Eine Kontrolle der Personendaten ergab, dass Phillip Garrido ein bedingt entlassener Häftling ist. Sein Bewährungshelfer wurde informiert und ein Treffen angeordnet. Garrido erschien am Mittwoch mit Jaycee Lee Dugard, deren Name durch "Americas Most Wanted" bekannt wurde, und den beiden elf und 15 Jahre alten Mädchen. Bei dem Treffen stellte die inzwischen 29-jährige Dugard sich als "Allissa" und Ehefrau Garridos vor. Während der Befragung gab Garrido nach Darstellung der Beamten zu, Dugard entführt zu haben. Der Verdächtige habe noch keinen Anwalt, hieß es am Donnerstag.
Mit Garrido wurde dessen 54-jährige Frau Nancy verhaftet - sie soll bei der Entführung 1991 dabei gewesen sein. Die damals elfjährige Dugard wurde an der Schulbushaltestelle in South Lake Tahoe vor den Augen ihres Stiefvaters in ein Auto gezerrt. Der 60-jährige Carl Probyn galt lange selbst als Tatverdächtiger. "Es hat meine Ehe zerbrochen", sagte er der Nachrichtenagentur AP. "Ich bin durch die Hölle gegangen, ich meine, ich war bis gestern ein Verdächtiger."
Der Fall ließ Fragen aufkommen, ob bedingt Haftentlassene streng genug kontrolliert werden. Die Polizei teilte mit, ein Bewährungshelfer habe bei einem kürzlichen Kontrollbesuch nichts bemerkt - der Hinterhof sei völlig unübersichtlich gewesen - mit Verschlägen, Planen und Zäunen. "Sie lebten auf diesem Gelände des Hauses in totaler Isolierung", sagte Sheriff Fred Kollar von der Polizei im Bezirk El Dorado. Der kleine, schallisolierte Bretterverschlag konnte von außen verriegelt werden. Zwei Zelte, ein primitives Klo und eine Dusche, "so wie beim Camping", beschrieb der Polizist das ärmliche Zwangslager.
Sie und die Kinder hätten nie einen Arzt gesehen, die Kinder seien auch nicht in die Schule gegangen. Auf den ersten Blick war den Opfern die Quälerei nicht anzusehen. Mutter und Kinder seien gesundheitlich "in verhältnismäßig guter Verfassung", sagte Kollar. Aber 18 Jahre in einem verborgenen Verschlag "würden ihren Tribut fordern".

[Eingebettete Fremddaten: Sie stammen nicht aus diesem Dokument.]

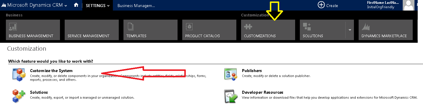 - Navigate to Settings > Customization > Customize the System or Solution Explorer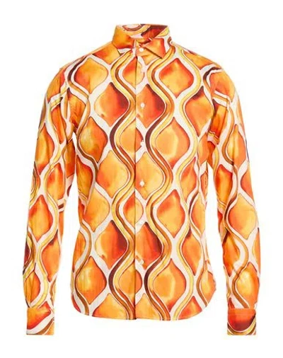 Man Shirt Orange Size 17 Cotton In Multi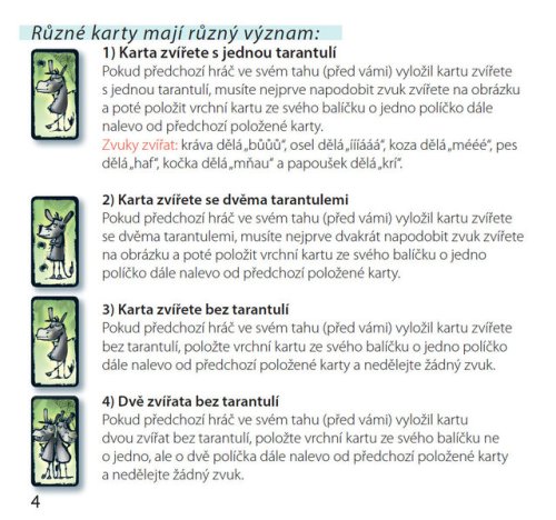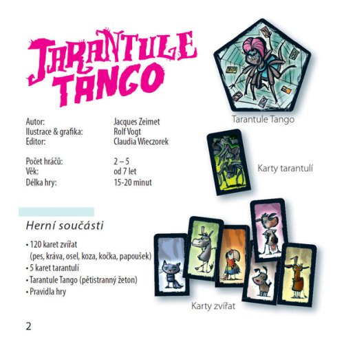 Obsah balení: 115 karet zvířat 5 karet tarantulí Tarantule Tango (pětistranný žeton) česká a slovenská pravidla hry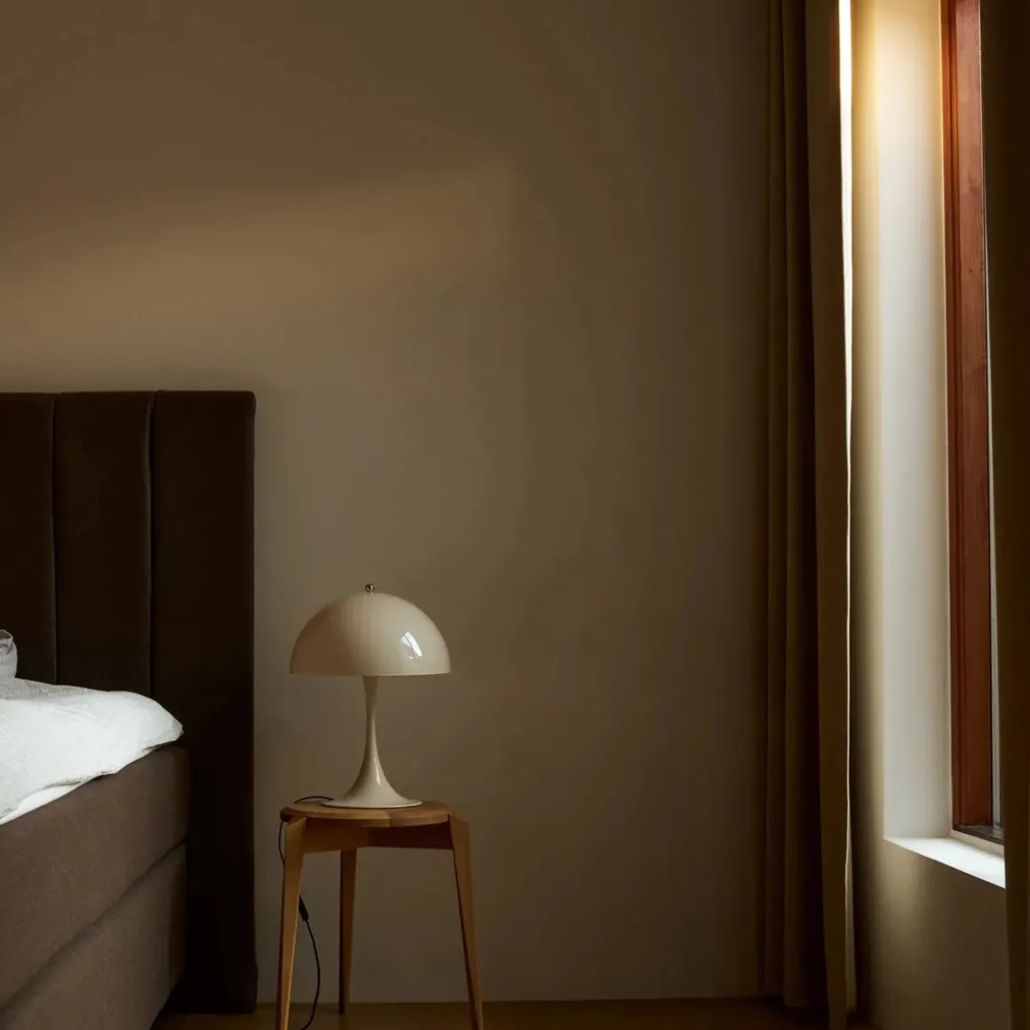 Panthella bordlampe avgir et blendefritt, mykt og komfortabelt lys.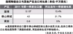 近日,筆者從淄博海關(guān)了解到,今年該市首季陶瓷產(chǎn)品出口創(chuàng)匯5127萬(wàn)美元,創(chuàng)造了歷史新高,同比增長(zhǎng)13.4%,達(dá)近年同期最高值。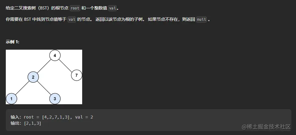 // 边界条件是如果 root 是 null 就返回 true,如果 root 的值和 val 相等那么就直接返回 root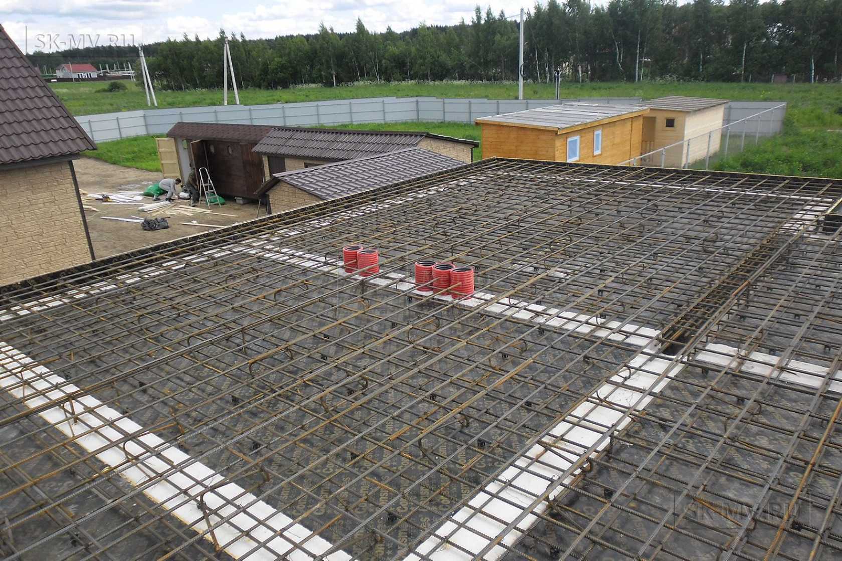 Арматуру укладывают так, чтобы со всех сторон ее закрывал защитный слой бетона не менее 20 мм в толщину. После того, как все составные части будущего перекрытия уложены и надёжно закреплены стойками, начинается заливка бетона.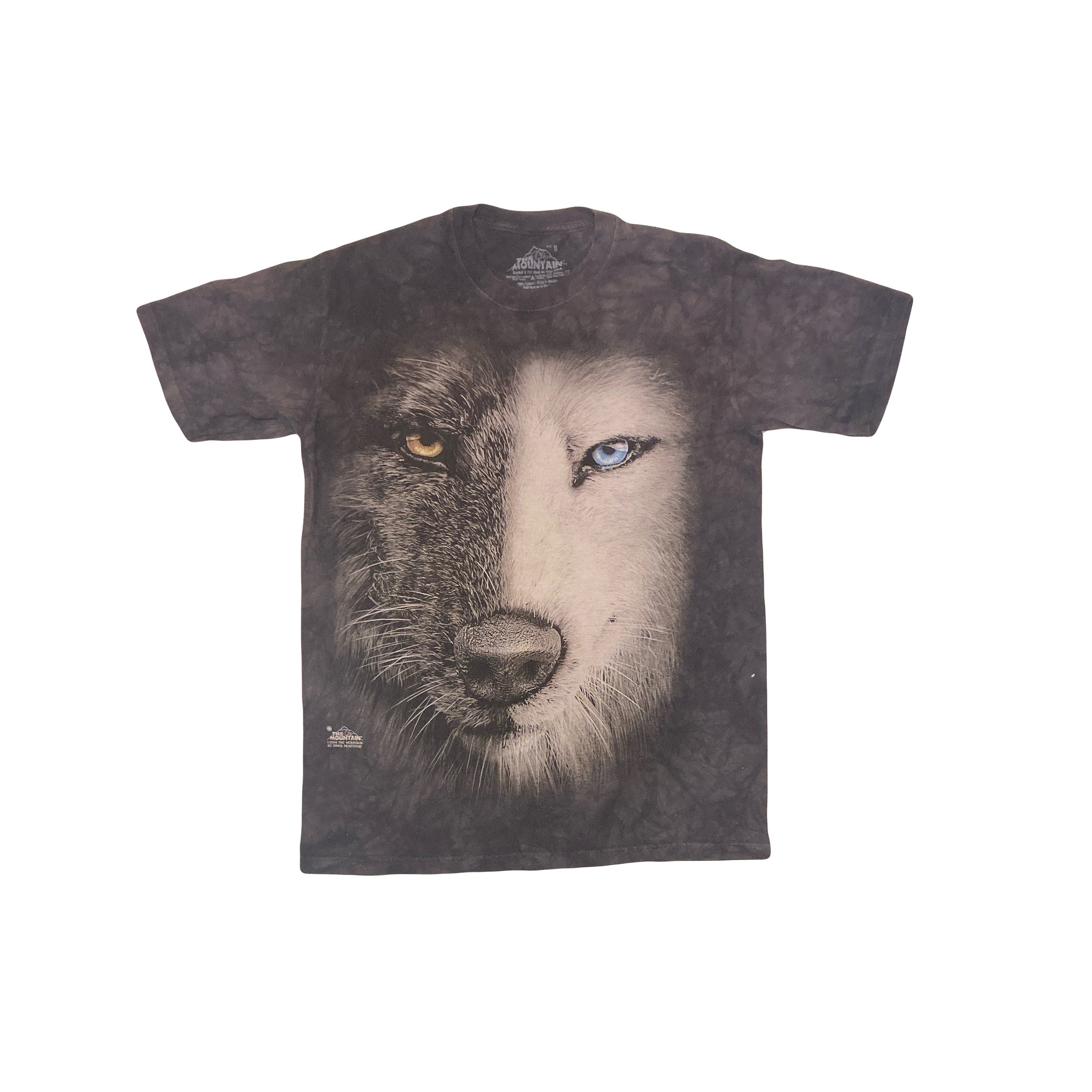 Vintage 90s The Mountain USA animal printed tie dye grey black wolf nature t shirt size small.

Garridos Anwesen befindet sich in Antioch, einer 100.000-Einwohnerstadt. Dort betrieb er eine Druckerei. Nachbarn und Kunden sagten, ihnen sei nichts Verdächtiges aufgefallen. Die meisten Nachbarn wussten, dass der 58-Jährige wegen früherer Straftaten als Sexualtäter gemeldet war. Nachbarin Haydee Perry sagte dem San Francisco Chronicle, dass sie kürzlich eines der beiden Mädchen sah, das sich mit "einem leeren Blick" und "ungewöhnlich eng" an den Mann klammerte. Die Mutter hätten sie nie gesehen, nur gelegentlich die Kinder, die den älteren Mann als ihren Vater bezeichneten. Garridos religiöser Fanatismus habe sich in den letzten Jahren aber gesteigert. Ein Kunde, Tim Allen, sagte, Garrido habe zuletzt davon gesprochen, die Druckerei aufzugeben und Prediger zu werden. Im April 2008 schrieb er bei den Behörden unter seiner Adresse eine Vereinigung mit dem Namen "Gods Desire" ein.